In her various roles Jennifer learned to question her own assumptions about the person in front of her and have an internal dialogue to assess whether her decisions would be different without those assumptions. One outcome of this technique was the hiring of more mothers on her team. While some (male or female) might assume for various reasons that mothers might not be able to perform at the same level as others, it turns out that a mother's work ethic is unparalleled in addition to her capacity for adaptability and collaboration.

Authenticity and Empathy are Good for Business

As the session continued, both women highlighted some of the keys to their success, including the need for both authenticity and adaptability as leaders who model ethical behavior and pull levers, as all leaders do, to make a greater impact in their organizations. However, they also mentioned that sometimes women leaders may lack the platform within their organizations to push for greater change, citing an instance involving a gap in pay (plus some commentary on the stunning revelations of just how large that gap can be based on recent evidence from the UK).

In other cases their male colleagues were instrumental by simply standing up for a code of conduct that we should all aspire to. As more of these conversations occur, the more a firm's reputation for respectful interactions matters. Janet shared another example where one of her peers at another company decided to remove a firm from their selection process based on that firm's performance along gender lines in one of Janet's deals.

...gender bias is a business issue - not just a diversity issue

Likewise both Janet and Jennifer underscored the notion that gender bias is a business issue - not just a diversity issue. It's not carved out or sidelined; it is central to the selection of legal providers. Counsel are buying judgment and expect the same code of conduct and ethics from their providers. The theme of this segment revolved around appreciating a buyer's perspective.

If a business partner can't empathize with an in-house leader, don't expect to see additional work. Empathy is crucial to partners getting to know the business, which means the way someone in-house sees their own organization and their challenges to provide value up and across the chain. For both Janet and Jennifer, without empathy providers won't be able to bring quality solutions to business problems.

The CLOC is Ticking

Although the 2018 CLOC Institute is just getting started, it is indisputable that CLOC is serious about the value of having these conversations and modeling the contributions that women leaders are making in their organizations.

There are a number of other sessions which touch on gender bias from a variety of standpoints, including the one on Sunday afternoon by Cara Hale Alter, Decoding Gender Dynamics in Communication, and a panel on Tuesday, Driving Diversity & Inclusion Outcomes Through Legal Operations.

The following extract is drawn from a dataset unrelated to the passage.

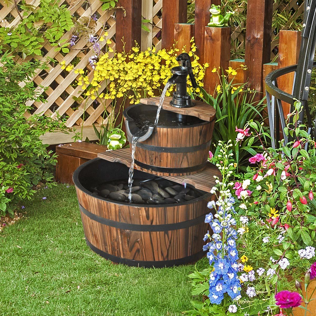 - Dvoupatrová fontána s dřevěnými vědry a pumpou
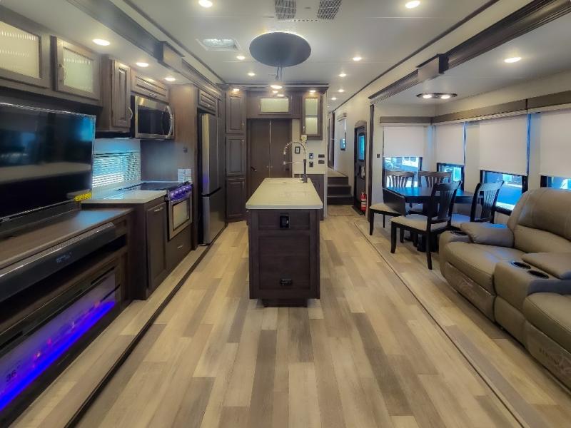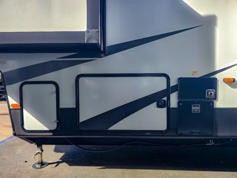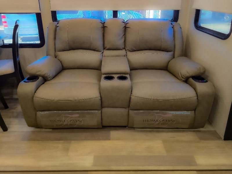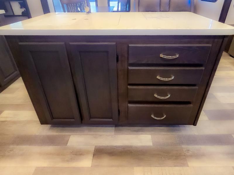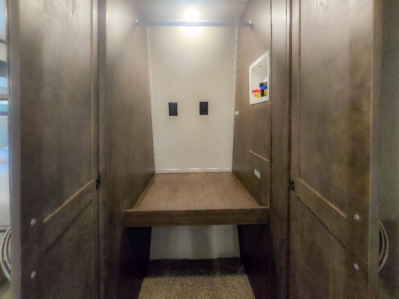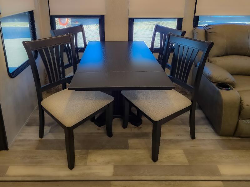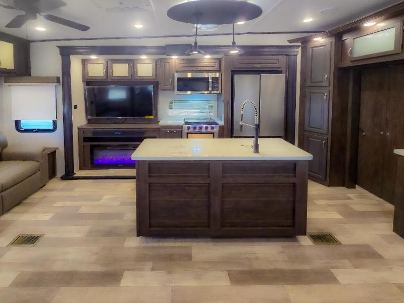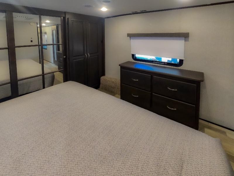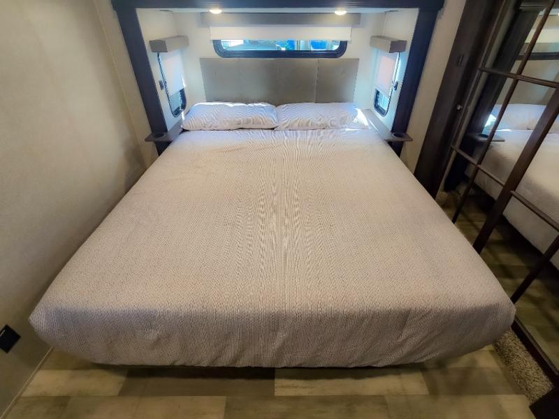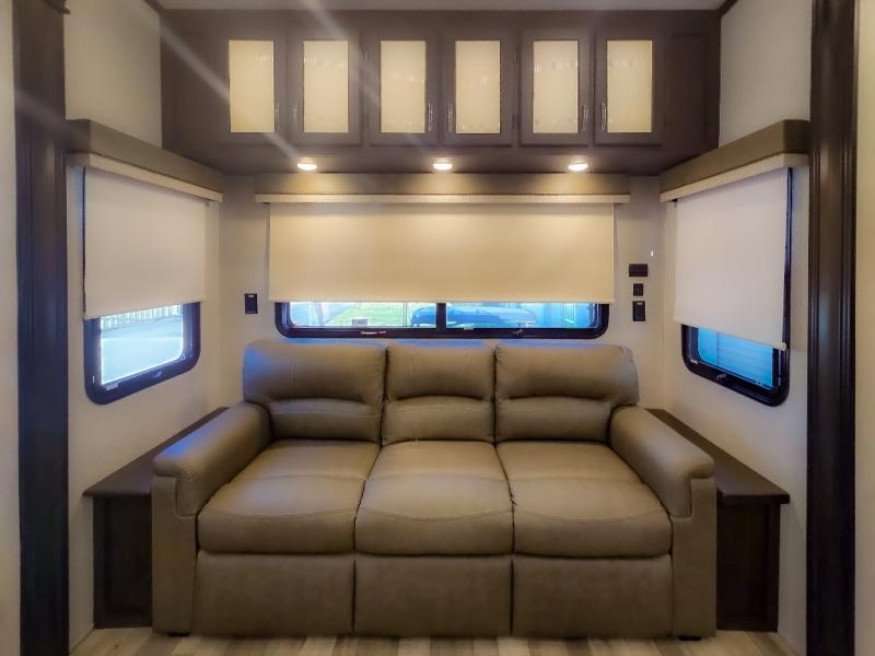 This family-friendly fifth wheel can sleep six comfortably between the queen bed, the tri-fold sofa, and the middle bunkhouse with a loft above! There is plenty of counter space in the bunkhouse, plus a sofa with a removable table and a wardrobe for clothes. The kitchen is any chef's dream with its residential cooktop, residential refrigerator, and kitchen island for more counter space. While dinner is being made, you can play a game of cards at the free-standing table, relax on the tri-fold sofa, or visit outdoors under the 20' power awning with LED lights. You won't be left wanting for storage space in this model thanks to the overhead cabinets, plus the bedroom dresser and large wardrobe. There is even a wardrobe with washer and dryer prep if you choose to go full-time!

Plus, other presenters include diversity as a core component of conducting business and sourcing work. For instance, as the Senior Director of Legal Operations at Medtronic, Shelia Kennedy spoke about her department's participation in the Mansfield Rule, an initiative that certifies that organizations consider at least 30% women and minority candidates for significant leadership roles, within the discussion of how to create more value in law department - law firm collaborations.

I am proud to say that Husch Blackwell has also adopted the Mansfield Rule as a part of my firm's commitment to provide greater consideration to women and minority professionals and to recognize their contributions in various leadership roles.

In addition to the Institute's programming, CLOC models the contributions of women in the legal industry on the leadership stage.

Panels composed of men and women are often led by the female presenters on the platform. Plus the dialogue between panelists is respectful - without the kind of interruptions, identifiable by gender, often seen in other contexts. The message was clear: the time for waiting is over. If law firms are not serious about addressing explicit and implicit gender bias, corporate legal departments will shift work to those providers who demonstrate greater empathy and a willingness to have meaningful conversations at all levels of the organization.


[Lann Wasson is Associate Director of Legal Project Management at law firm Husch Blackwell.]